Performance of the detection of PAS elements in notes

We also assessed the performance (recall, precision, F-measure) of the first step of our system (the detection of PAS elements in clinical notes).

Timestamp experiment

A real-time production system is most efficient if the information is recorded in the EHR in real-time (ie, when it is useful for decision making). Consequently, we evaluated the algorithm's risk classification performance using information available at different points of the 48-h study window. More precisely, we ran our algorithm consecutively 48 times using cumulative data available after each hour of a 48-h study window of the ED visit. The purpose of this experiment was to assess the point in time of the ED encounter when high performance could be reached, that is, when enough data were present in the EHR for the algorithm to perform well. Additionally, we also evaluated performance up to the time patients were sent for an abdominal CT scan, to see if the algorithm could prevent unnecessary CT scans.

Results

Annotator agreement

Table 2 shows inter-annotator agreement results on the 1000-record sets from the two annotator pairs (A1/A2 and A3/A4), as well as on the common sample annotated by all four annotators. Agreement was strong for the risk classification (above 0.86 in most cases) and slightly lower for the PAS elements (from 0.75 to 0.85). The last three columns detail inter-annotator agreement for each risk class. Agreement was highest for the low-risk class and lowest for the equivocal-risk class.

Table 2

Inter-annotator agreement (F-measure) on the 1000-record sets and on the (100-record) common sample and intra-annotator agreement on the repeat sample

Record set	Annotator(s)	Risk class	PAS elements	High-risk	Equivocal-risk	Low-risk
1000-record sets (inter-annotator agreement)	Pair 1 (A1/A2)	0.896	0.830	0.898	0.841	0.938
1000-record sets (inter-annotator agreement)	Pair 2 (A3/A4)	0.897	0.783	0.906	0.845	0.927
Common 100-record sample (Inter-annotator agreement)	A1/A2	0.900	0.855	0.947	0.833	0.918
	A3/A4	0.864	0.789	0.829	0.812	0.921
	A1/A3	0.861	0.814	0.821	0.818	0.903
	A1/A4	0.836	0.748	0.895	0.769	0.851
	A2/A3	0.889	0.836	0.878	0.813	0.946
	A2/A4	0.843	0.765	0.900	0.762	0.872
Repeat sample (intra-annotator agreement)	A1	0.901	0.811	0.800	0.862	0.946
	A2	0.895	0.844	0.880	0.841	0.933
	A3	0.929	0.858	0.857	0.899	0.962
	A4	0.890	0.783	0.818	0.844	0.930

PAS, Pediatric Appendicitis Score; Risk class, low or equivocal or high risk for appendicitis; PAS elements, PAS terminology annotated in the text (eg, ‘fever’).

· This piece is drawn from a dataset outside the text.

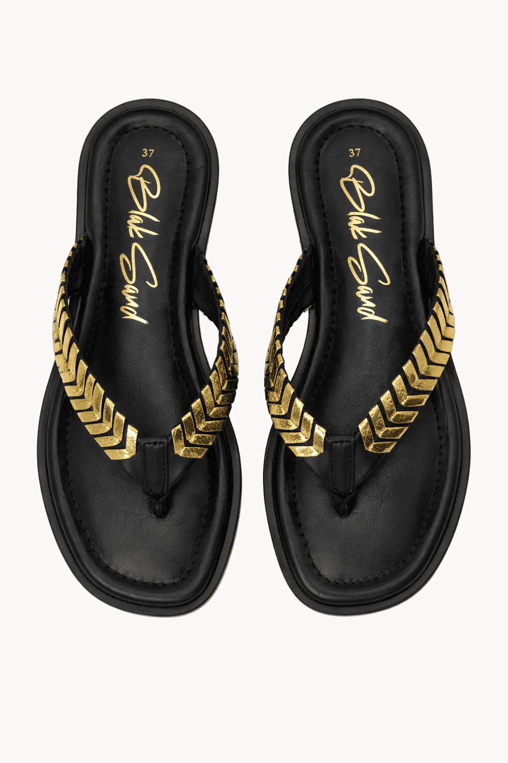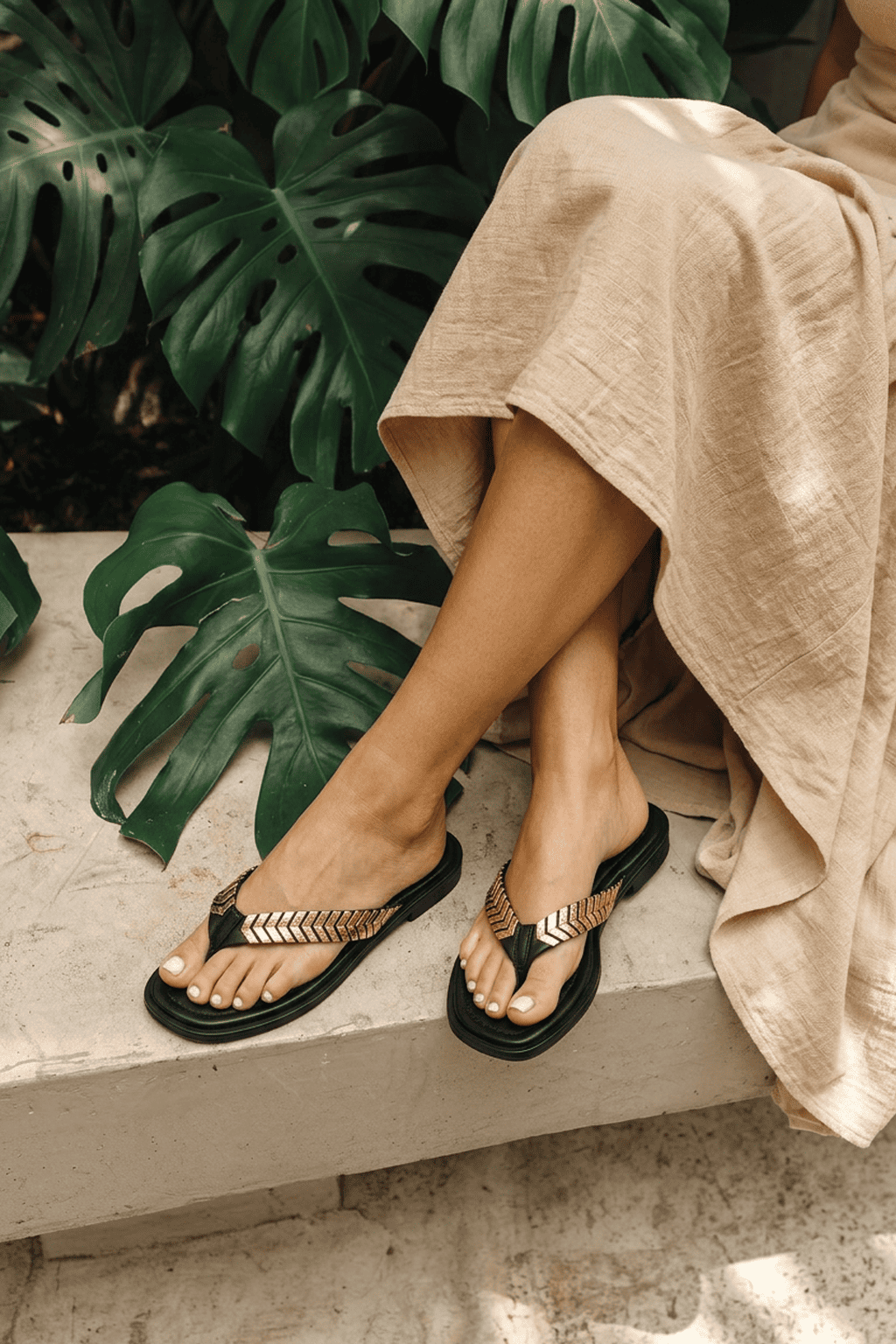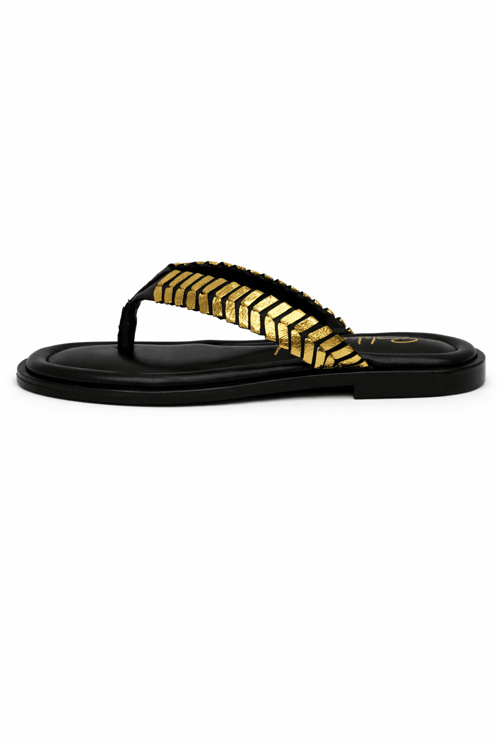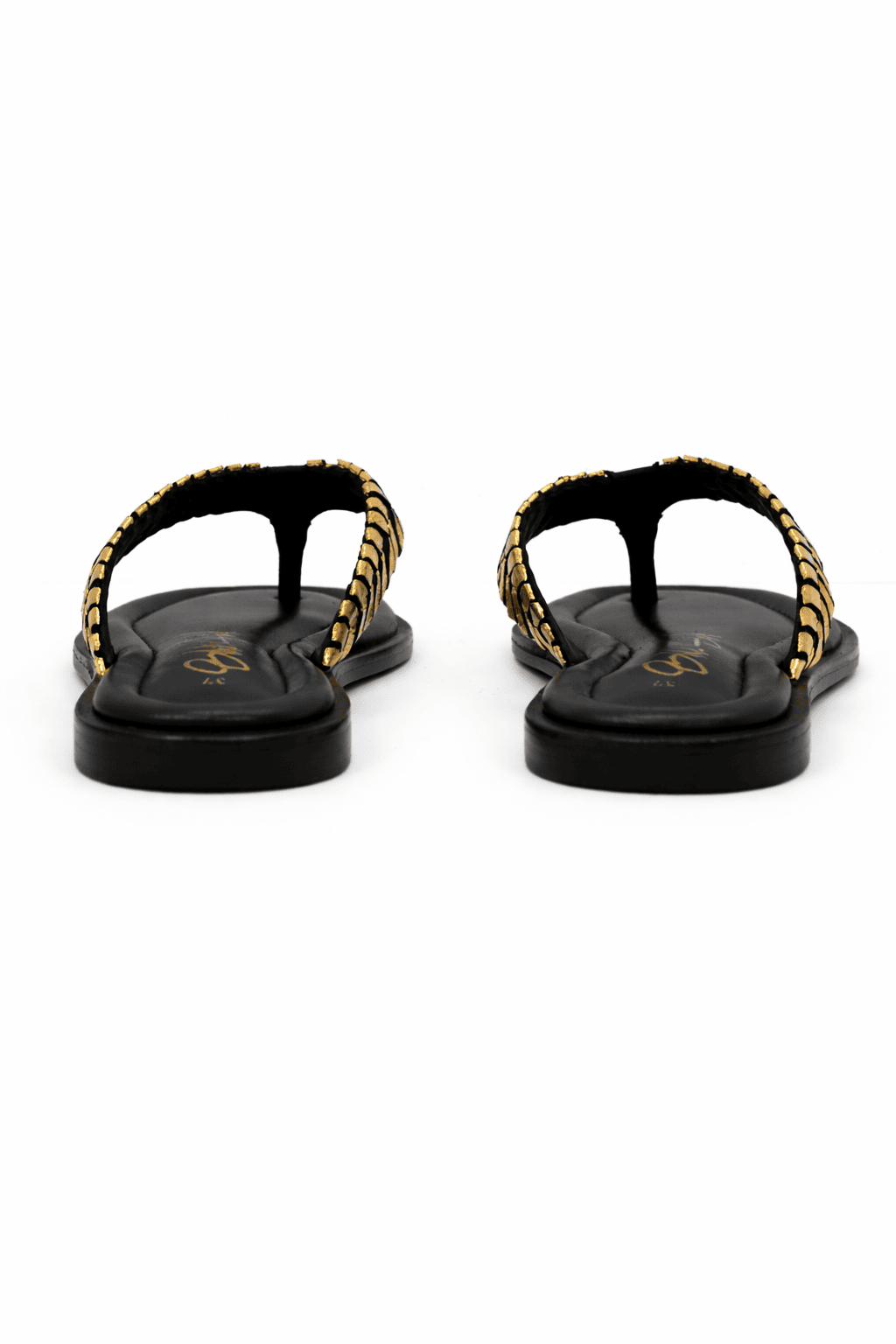 The minimalist thong design is elevated by the intricate weaving detail, giving the sandal a distinctive artisanal character. Set on a sleek, cushioned sole, it delivers both modern sophistication and everyday comfort.

Inter-annotator agreement (F-measure) on the 1000-record sets and on the (100-record) common sample and intra-annotator agreement on the repeat sample PAS, Pediatric Appendicitis Score; Risk class, low or equivocal or high risk for appendicitis; PAS elements, PAS terminology annotated in the text (eg, ‘fever’). Intra-annotator agreement measured between each annotator's earlier and subsequent annotation on the repeat sample showed similar values to inter-annotator agreement values (bottom of table 2), except for the high-risk class, which had the lowest intra-annotator agreement.

Descriptive statistics

The final gold standard (after resolution of disagreements) consisted of 31 478 PAS element annotations (see online supplementary table for statistics per category), 1039 low-risk patients, 637 equivocal-risk patients, and 424 high-risk patients. Figure 2 depicts the distribution of cases in the gold standard (figure 2A) and in the predictions of the system (figure 2B) between the three risk classes for all patients. Compared to the annotators, the system classified more patients as equivocal-risk (34% in the system output vs 30% in the gold standard).

Figure 2

Distribution of cases in the gold standard (A) and system output (B). Correct cases are determined against the gold standard of Pediatric Appendicitis Score-based risk classification.

Automated risk stratification

Performance of the risk classification

The system obtained average recall of 0.869 and precision of 0.868 (table 3). It shows best performance at classifying low-risk patients (0.897 recall; 0.952 precision) and has the lowest performance in the equivocal-risk class (0.854 recall; 0.766 precision). The baseline system (using only structured data) obtained much lower performance (average recall and precision of 0.353 and 0.385, respectively), and is unable to correctly classify any high-risk patients. The difference between our system and the baseline was statistically significant (last column, p<0.05).

Table 3

Automated risk stratification performance

	Recall				Precision				Specificity				Stat. sig. of the difference between baseline and full system (p value)
	Baseline	95% CI	System	95% CI	Baseline	95% CI	System	95% CI	Baseline	95% CI	System	95% CI
High	0	0 to 0.003	0.855	0.815 to 0.888	NaN	NaN	0.886	0.847 to 0.915	1	0.988 to 1	0.972	0.962 to 0.980	NaN
Equivocal	0.059	0.042 to 0.082	0.854	0.822 to 0.882	0.236	0.171 to 0.315	0.766	0.731 to 0.798	0.916	0.900 to 0.930	0.885	0.866 to 0.902	0.0001*
Low	1.000	0.995 to 1	0.897	0.875 to 0.916	0.534	0.511 to 0.558	0.952	0.935 to 0.965	0.150	0.129 to 0.175	0.956	0.941 to 0.968	0.0001*
Average	0.353		0.869		0.385		0.868		0.689		0.938		0.0001*

Stat. sig., statistical significance (* indicate statistically significant values); NaN, ‘not a number’, used to indicate values that cannot be computed.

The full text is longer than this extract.